Provided records:
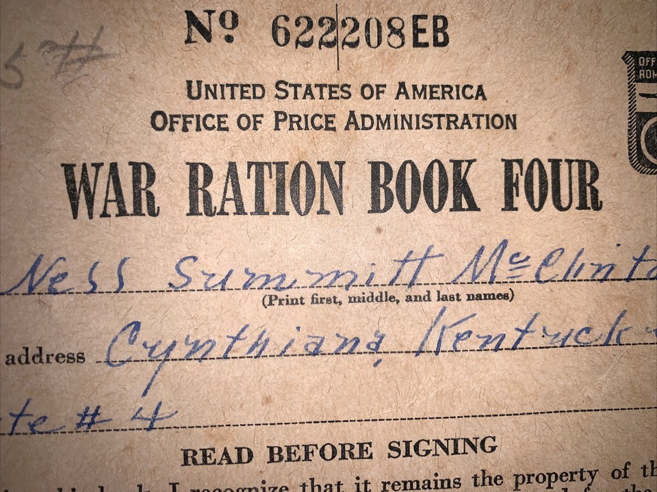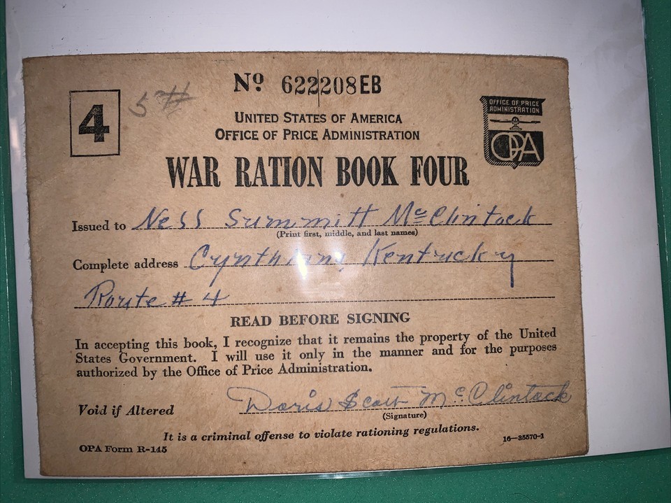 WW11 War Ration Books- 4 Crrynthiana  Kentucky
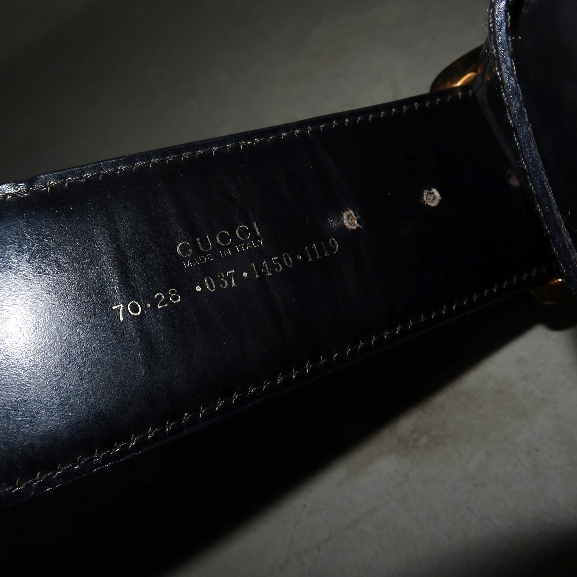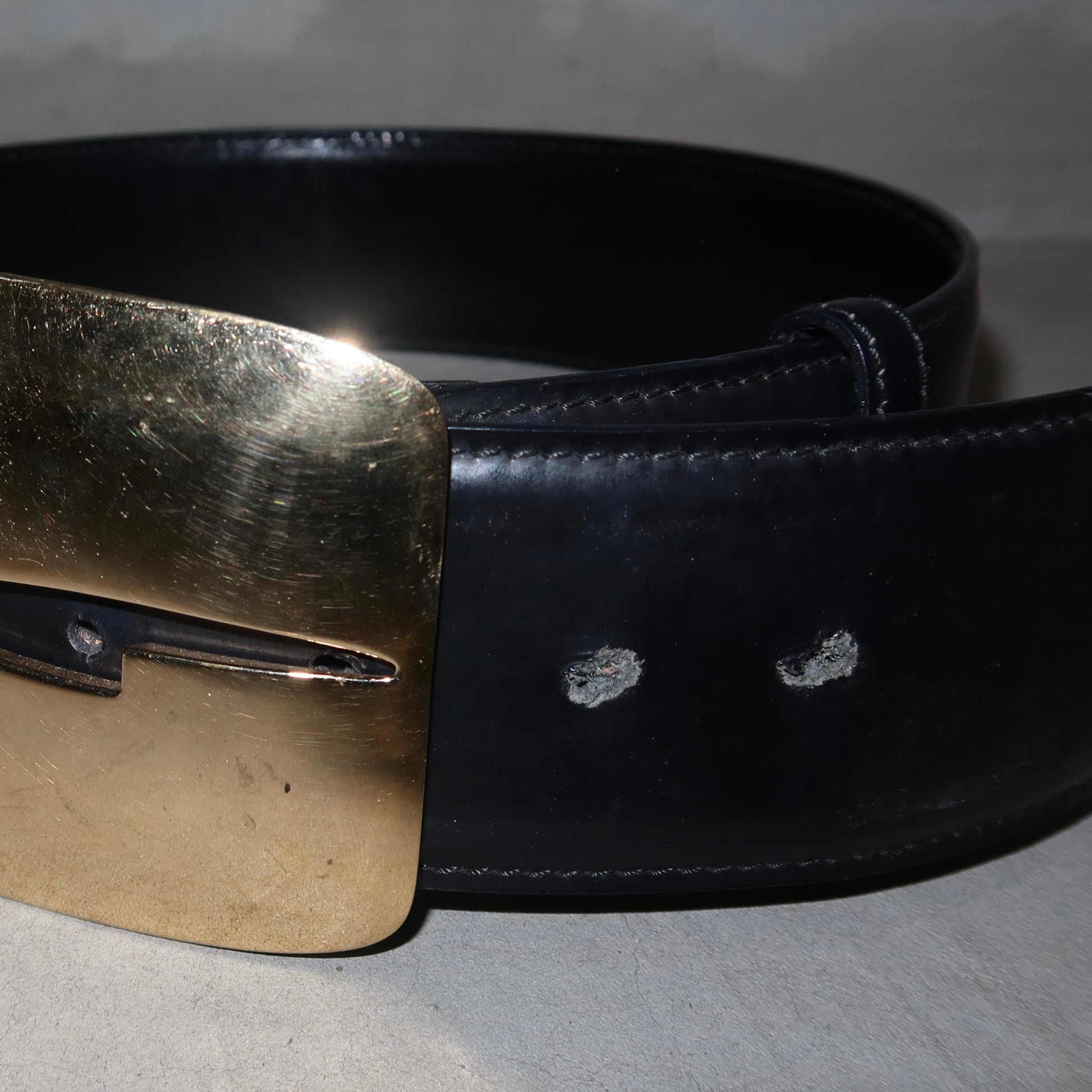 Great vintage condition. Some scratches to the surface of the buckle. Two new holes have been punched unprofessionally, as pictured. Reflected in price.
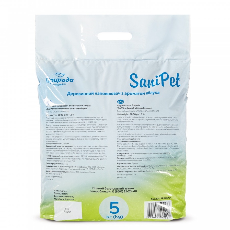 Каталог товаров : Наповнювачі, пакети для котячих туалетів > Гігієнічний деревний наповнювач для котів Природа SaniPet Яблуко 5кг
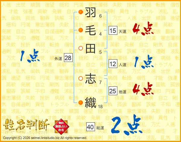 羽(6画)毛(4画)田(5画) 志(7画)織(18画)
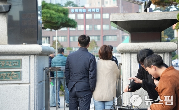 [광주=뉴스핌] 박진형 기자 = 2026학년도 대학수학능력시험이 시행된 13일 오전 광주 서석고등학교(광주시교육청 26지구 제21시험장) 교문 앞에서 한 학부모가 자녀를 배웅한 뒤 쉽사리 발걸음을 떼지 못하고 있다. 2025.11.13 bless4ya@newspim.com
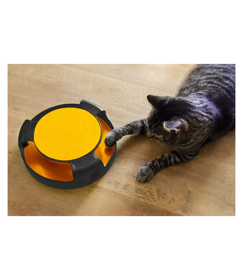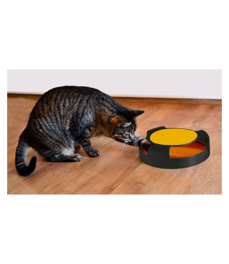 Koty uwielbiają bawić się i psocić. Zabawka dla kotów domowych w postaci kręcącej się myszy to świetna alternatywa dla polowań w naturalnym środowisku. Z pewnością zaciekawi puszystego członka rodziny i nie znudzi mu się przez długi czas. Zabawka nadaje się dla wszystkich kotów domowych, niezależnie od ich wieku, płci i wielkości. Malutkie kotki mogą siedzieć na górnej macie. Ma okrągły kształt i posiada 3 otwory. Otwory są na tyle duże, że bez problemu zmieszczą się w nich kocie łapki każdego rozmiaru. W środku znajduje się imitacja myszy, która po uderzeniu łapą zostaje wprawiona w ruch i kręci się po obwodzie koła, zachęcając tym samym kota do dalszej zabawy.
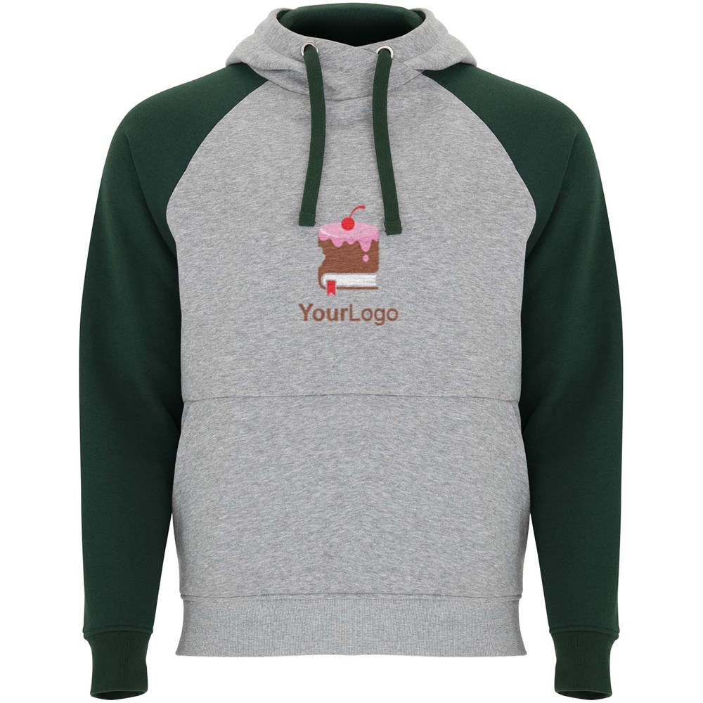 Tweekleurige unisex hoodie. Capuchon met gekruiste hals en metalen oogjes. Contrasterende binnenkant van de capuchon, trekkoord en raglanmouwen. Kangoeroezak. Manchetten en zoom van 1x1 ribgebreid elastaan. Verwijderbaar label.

Required action: Your answer must be an exact copy of every entry, with no pictures in it.

Result below:
 WW11 War Ration Books- 4 Crrynthiana  Kentucky
 Great vintage condition. Some scratches to the surface of the buckle. Two new holes have been punched unprofessionally, as pictured. Reflected in price.
 Каталог товаров : Наповнювачі, пакети для котячих туалетів > Гігієнічний деревний наповнювач для котів Природа SaniPet Яблуко 5кг
 羽(6画)毛(4画)田(5画) 志(7画)織(18画)
 [광주=뉴스핌] 박진형 기자 = 2026학년도 대학수학능력시험이 시행된 13일 오전 광주 서석고등학교(광주시교육청 26지구 제21시험장) 교문 앞에서 한 학부모가 자녀를 배웅한 뒤 쉽사리 발걸음을 떼지 못하고 있다. 2025.11.13 bless4ya@newspim.com
 Koty uwielbiają bawić się i psocić. Zabawka dla kotów domowych w postaci kręcącej się myszy to świetna alternatywa dla polowań w naturalnym środowisku. Z pewnością zaciekawi puszystego członka rodziny i nie znudzi mu się przez długi czas. Zabawka nadaje się dla wszystkich kotów domowych, niezależnie od ich wieku, płci i wielkości. Malutkie kotki mogą siedzieć na górnej macie. Ma okrągły kształt i posiada 3 otwory. Otwory są na tyle duże, że bez problemu zmieszczą się w nich kocie łapki każdego rozmiaru. W środku znajduje się imitacja myszy, która po uderzeniu łapą zostaje wprawiona w ruch i kręci się po obwodzie koła, zachęcając tym samym kota do dalszej zabawy.
 Tweekleurige unisex hoodie. Capuchon met gekruiste hals en metalen oogjes. Contrasterende binnenkant van de capuchon, trekkoord en raglanmouwen. Kangoeroezak. Manchetten en zoom van 1x1 ribgebreid elastaan. Verwijderbaar label.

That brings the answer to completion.